BEGIN

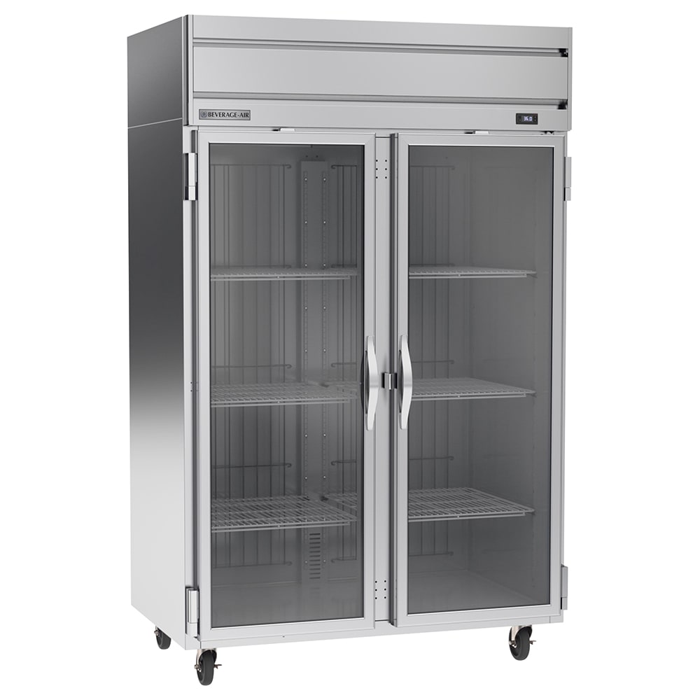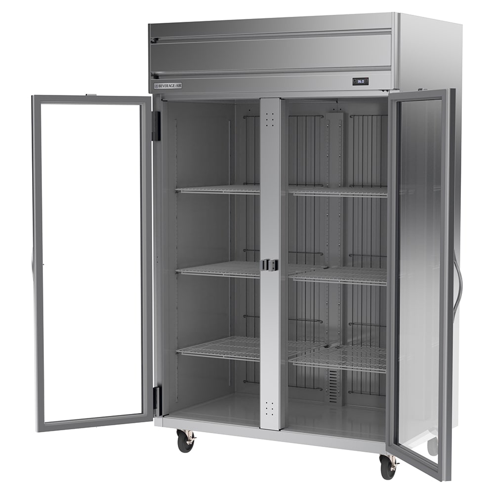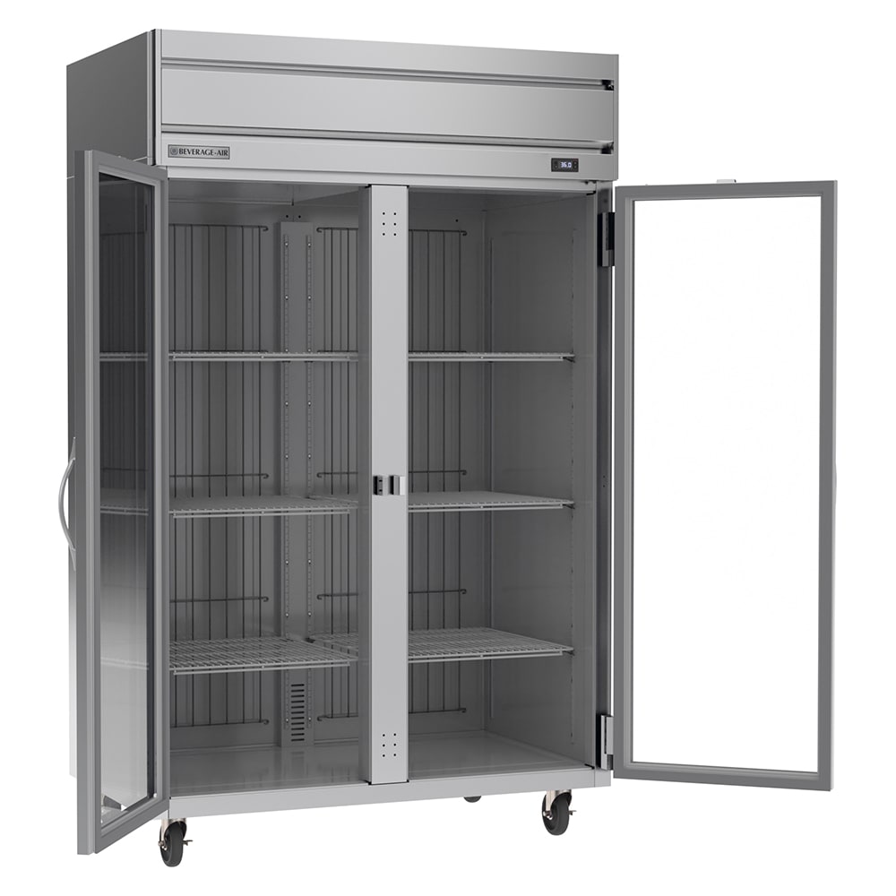 The Beverage Air HRP2HC-1G two-section reach-in refrigerator has six shelves with a wire design that encourages air to flow evenly around items. Because these shelves are epoxy coated, they resist corrosion to support heavy use. While the cabinet has an aluminum liner, the exterior is made of durable stainless steel. The interior is accessible through two glass doors, and the glass construction provides visibility from the outside.
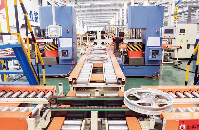 3月30日,在位于金華婺城區(qū)摩輪未來工廠生產(chǎn)車間里,智能生產(chǎn)線正在平穩(wěn)運(yùn)行,全自動(dòng)完成設(shè)定的輪轂加工工序。該工廠被金華市和婺城區(qū)列為數(shù)字化示范企業(yè)。企業(yè)運(yùn)用5G、視覺識(shí)別等新一代信息技術(shù),大量應(yīng)用工業(yè)機(jī)器人,實(shí)現(xiàn)柔性化生產(chǎn),建成裝備數(shù)字化、工藝數(shù)字化、運(yùn)營數(shù)字化的數(shù)字化工廠。用工人數(shù)比傳統(tǒng)項(xiàng)目減少58%,生產(chǎn)效率提升15%。(陳俊、李建林)
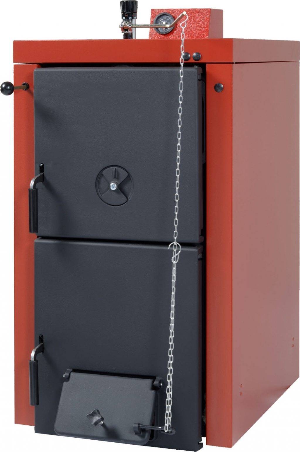 Модель укомплектована терморегулятором, патрубком для подключения дымохода с заслонкой. Механическое управление делает систему энергонезависимой. Встроенные термометр и манометр упрощают контроль над основными рабочими параметрами.
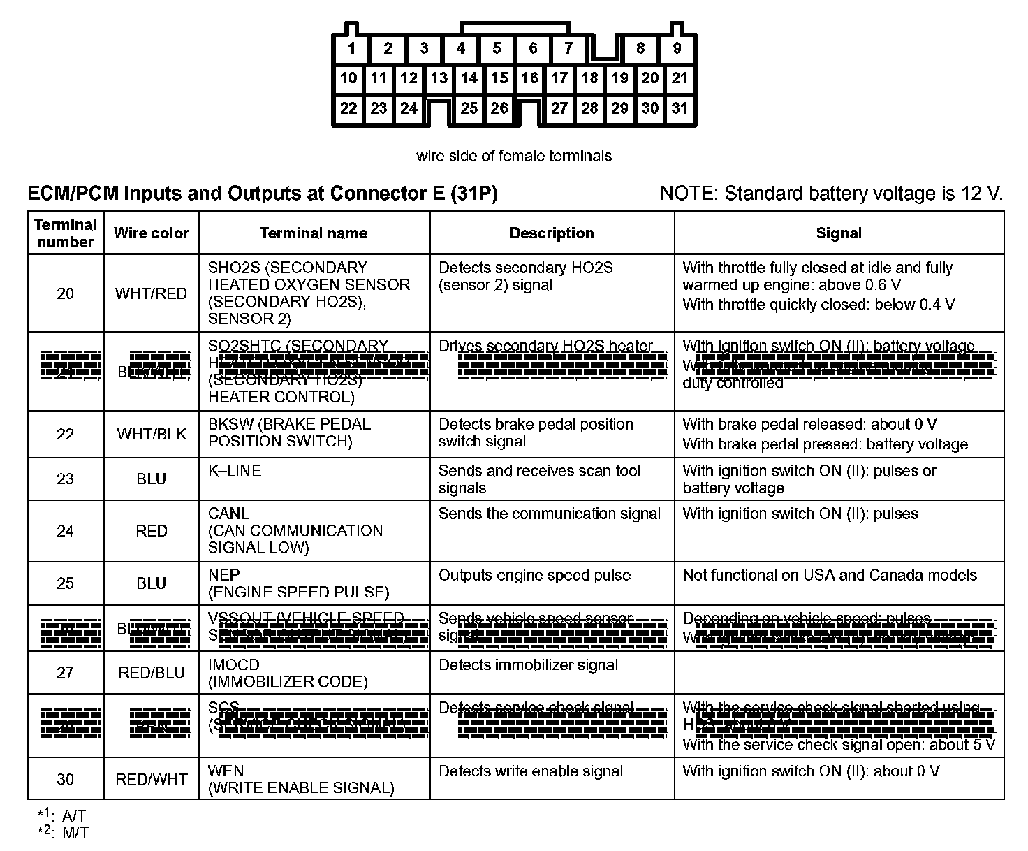 ECM/PCM Inputs And Outputs At Connector E (31P) Part 1:

END

## ABOUT THIS EXERCISE
Everything from the line with "Модель укомплектована терморегулятором, патрубком" through the last line of the listing above is to be copied exactly, both ends included, except the pictures.

## EXERCISE RESULT
 Модель укомплектована терморегулятором, патрубком для подключения дымохода с заслонкой. Механическое управление делает систему энергонезависимой. Встроенные термометр и манометр упрощают контроль над основными рабочими параметрами.
 ECM/PCM Inputs And Outputs At Connector E (31P) Part 1:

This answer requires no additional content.